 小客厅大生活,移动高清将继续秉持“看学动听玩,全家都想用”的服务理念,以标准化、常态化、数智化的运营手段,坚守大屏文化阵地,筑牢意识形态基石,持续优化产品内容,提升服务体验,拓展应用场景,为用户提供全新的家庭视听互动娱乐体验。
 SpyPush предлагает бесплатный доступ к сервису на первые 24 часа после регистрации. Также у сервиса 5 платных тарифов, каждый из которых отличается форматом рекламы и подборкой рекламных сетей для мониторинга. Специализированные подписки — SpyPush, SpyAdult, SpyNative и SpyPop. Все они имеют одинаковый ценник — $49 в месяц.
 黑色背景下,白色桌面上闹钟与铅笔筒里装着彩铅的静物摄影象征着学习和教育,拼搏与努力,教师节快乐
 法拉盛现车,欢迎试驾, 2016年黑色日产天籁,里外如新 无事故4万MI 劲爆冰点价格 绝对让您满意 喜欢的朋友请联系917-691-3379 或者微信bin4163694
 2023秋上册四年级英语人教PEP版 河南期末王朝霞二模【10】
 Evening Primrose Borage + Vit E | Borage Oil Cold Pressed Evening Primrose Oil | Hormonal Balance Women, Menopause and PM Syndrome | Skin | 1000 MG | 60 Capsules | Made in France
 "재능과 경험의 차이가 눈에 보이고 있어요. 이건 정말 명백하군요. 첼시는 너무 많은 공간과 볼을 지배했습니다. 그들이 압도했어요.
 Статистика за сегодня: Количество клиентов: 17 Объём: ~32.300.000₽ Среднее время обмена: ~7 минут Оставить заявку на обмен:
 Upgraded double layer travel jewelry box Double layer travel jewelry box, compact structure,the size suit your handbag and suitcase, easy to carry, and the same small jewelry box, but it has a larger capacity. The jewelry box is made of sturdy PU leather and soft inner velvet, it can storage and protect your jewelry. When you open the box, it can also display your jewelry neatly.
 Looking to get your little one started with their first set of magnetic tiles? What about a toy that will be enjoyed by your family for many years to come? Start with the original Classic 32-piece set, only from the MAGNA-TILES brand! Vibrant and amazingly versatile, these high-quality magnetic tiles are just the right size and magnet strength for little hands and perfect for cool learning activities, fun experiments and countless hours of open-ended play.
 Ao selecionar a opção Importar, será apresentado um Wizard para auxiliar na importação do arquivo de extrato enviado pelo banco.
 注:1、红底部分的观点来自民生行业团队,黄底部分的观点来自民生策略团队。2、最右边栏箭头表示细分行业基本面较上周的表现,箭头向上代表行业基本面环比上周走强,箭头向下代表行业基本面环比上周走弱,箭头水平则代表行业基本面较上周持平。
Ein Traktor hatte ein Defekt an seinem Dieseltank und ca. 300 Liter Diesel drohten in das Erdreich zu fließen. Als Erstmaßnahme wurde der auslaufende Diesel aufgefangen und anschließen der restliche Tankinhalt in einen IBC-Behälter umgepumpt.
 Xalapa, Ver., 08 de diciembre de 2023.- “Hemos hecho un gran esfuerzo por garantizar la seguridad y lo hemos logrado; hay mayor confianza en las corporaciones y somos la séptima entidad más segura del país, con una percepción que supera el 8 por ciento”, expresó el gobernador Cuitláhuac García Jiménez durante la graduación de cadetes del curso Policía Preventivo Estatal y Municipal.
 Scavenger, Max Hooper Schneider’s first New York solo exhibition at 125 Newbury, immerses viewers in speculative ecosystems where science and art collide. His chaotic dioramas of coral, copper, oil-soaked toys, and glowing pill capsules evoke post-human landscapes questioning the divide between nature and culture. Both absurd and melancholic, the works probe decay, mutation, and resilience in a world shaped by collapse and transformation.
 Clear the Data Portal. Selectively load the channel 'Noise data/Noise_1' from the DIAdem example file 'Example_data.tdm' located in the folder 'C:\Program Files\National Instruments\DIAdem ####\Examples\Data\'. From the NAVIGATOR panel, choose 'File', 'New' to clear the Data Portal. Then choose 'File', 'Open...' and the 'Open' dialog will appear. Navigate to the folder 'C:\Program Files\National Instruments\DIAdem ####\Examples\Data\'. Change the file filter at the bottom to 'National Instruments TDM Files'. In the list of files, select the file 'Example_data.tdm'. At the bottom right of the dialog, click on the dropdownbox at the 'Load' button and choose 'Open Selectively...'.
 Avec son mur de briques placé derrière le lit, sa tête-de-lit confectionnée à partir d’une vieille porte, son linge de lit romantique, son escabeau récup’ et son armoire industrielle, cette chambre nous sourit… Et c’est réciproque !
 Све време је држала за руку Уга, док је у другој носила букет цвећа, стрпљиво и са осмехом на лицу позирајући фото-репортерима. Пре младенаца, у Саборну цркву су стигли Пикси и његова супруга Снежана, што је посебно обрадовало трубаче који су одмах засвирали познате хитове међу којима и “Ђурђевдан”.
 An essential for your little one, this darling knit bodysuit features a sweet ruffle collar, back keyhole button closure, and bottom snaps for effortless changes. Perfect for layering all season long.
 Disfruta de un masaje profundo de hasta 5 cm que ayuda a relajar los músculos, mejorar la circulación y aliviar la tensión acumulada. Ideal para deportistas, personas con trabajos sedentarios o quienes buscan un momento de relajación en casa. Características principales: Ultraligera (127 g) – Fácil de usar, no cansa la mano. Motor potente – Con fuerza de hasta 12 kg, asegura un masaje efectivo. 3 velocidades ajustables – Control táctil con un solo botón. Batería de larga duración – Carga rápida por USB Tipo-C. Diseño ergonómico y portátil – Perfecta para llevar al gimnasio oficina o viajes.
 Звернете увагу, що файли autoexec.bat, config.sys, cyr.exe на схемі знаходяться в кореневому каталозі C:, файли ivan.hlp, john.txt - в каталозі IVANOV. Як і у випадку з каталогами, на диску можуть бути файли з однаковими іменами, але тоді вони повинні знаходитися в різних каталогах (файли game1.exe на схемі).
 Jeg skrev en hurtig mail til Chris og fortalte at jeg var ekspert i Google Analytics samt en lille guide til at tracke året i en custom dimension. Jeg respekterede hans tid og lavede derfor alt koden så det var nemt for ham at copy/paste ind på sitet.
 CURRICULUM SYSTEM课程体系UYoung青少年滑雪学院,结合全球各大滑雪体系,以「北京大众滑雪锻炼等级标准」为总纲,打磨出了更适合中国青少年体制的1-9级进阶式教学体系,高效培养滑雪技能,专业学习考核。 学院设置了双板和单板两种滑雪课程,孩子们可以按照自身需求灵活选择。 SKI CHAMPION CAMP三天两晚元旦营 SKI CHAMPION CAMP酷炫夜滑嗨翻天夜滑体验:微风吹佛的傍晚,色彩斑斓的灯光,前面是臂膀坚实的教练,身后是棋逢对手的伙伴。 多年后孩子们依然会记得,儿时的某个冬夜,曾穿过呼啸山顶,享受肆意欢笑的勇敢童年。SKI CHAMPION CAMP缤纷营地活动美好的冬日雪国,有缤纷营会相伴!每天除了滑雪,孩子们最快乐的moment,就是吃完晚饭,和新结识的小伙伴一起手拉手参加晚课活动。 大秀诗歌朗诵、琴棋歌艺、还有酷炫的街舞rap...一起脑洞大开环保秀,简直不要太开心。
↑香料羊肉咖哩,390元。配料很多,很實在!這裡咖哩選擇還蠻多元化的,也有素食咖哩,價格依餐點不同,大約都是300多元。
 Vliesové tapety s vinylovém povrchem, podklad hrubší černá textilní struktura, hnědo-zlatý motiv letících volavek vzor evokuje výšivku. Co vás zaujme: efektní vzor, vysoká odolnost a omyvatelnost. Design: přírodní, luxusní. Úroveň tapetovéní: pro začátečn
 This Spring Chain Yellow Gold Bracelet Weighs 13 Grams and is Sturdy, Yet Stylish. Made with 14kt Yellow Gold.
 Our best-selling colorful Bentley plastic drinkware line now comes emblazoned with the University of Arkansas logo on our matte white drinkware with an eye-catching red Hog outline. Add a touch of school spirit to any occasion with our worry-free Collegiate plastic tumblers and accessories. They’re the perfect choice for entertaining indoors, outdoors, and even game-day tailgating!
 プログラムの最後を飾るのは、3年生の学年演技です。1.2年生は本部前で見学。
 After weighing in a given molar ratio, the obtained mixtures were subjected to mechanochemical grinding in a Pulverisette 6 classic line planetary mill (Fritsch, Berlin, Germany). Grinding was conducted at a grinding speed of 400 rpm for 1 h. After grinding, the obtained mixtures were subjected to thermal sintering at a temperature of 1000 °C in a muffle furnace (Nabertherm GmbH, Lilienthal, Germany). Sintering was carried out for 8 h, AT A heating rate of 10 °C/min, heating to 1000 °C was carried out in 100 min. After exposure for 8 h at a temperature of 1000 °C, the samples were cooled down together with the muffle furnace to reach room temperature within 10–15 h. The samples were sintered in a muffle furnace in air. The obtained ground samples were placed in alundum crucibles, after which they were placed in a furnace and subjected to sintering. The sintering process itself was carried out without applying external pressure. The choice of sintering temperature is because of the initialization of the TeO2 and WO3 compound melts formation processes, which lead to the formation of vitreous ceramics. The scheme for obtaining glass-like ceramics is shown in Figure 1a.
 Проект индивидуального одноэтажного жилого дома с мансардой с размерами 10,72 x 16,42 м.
___
§ What is being asked
Among the lines above, repeat exactly those from the line with "黑色背景下,白色桌面上闹钟与" to the line with "注:1、红底部分的观点来自民", counting both ends.

§ Task response
 黑色背景下,白色桌面上闹钟与铅笔筒里装着彩铅的静物摄影象征着学习和教育,拼搏与努力,教师节快乐
 法拉盛现车,欢迎试驾, 2016年黑色日产天籁,里外如新 无事故4万MI 劲爆冰点价格 绝对让您满意 喜欢的朋友请联系917-691-3379 或者微信bin4163694
 2023秋上册四年级英语人教PEP版 河南期末王朝霞二模【10】
 Evening Primrose Borage + Vit E | Borage Oil Cold Pressed Evening Primrose Oil | Hormonal Balance Women, Menopause and PM Syndrome | Skin | 1000 MG | 60 Capsules | Made in France
 "재능과 경험의 차이가 눈에 보이고 있어요. 이건 정말 명백하군요. 첼시는 너무 많은 공간과 볼을 지배했습니다. 그들이 압도했어요.
 Статистика за сегодня: Количество клиентов: 17 Объём: ~32.300.000₽ Среднее время обмена: ~7 минут Оставить заявку на обмен:
 Upgraded double layer travel jewelry box Double layer travel jewelry box, compact structure,the size suit your handbag and suitcase, easy to carry, and the same small jewelry box, but it has a larger capacity. The jewelry box is made of sturdy PU leather and soft inner velvet, it can storage and protect your jewelry. When you open the box, it can also display your jewelry neatly.
 Looking to get your little one started with their first set of magnetic tiles? What about a toy that will be enjoyed by your family for many years to come? Start with the original Classic 32-piece set, only from the MAGNA-TILES brand! Vibrant and amazingly versatile, these high-quality magnetic tiles are just the right size and magnet strength for little hands and perfect for cool learning activities, fun experiments and countless hours of open-ended play.
 Ao selecionar a opção Importar, será apresentado um Wizard para auxiliar na importação do arquivo de extrato enviado pelo banco.
 注:1、红底部分的观点来自民生行业团队,黄底部分的观点来自民生策略团队。2、最右边栏箭头表示细分行业基本面较上周的表现,箭头向上代表行业基本面环比上周走强,箭头向下代表行业基本面环比上周走弱,箭头水平则代表行业基本面较上周持平。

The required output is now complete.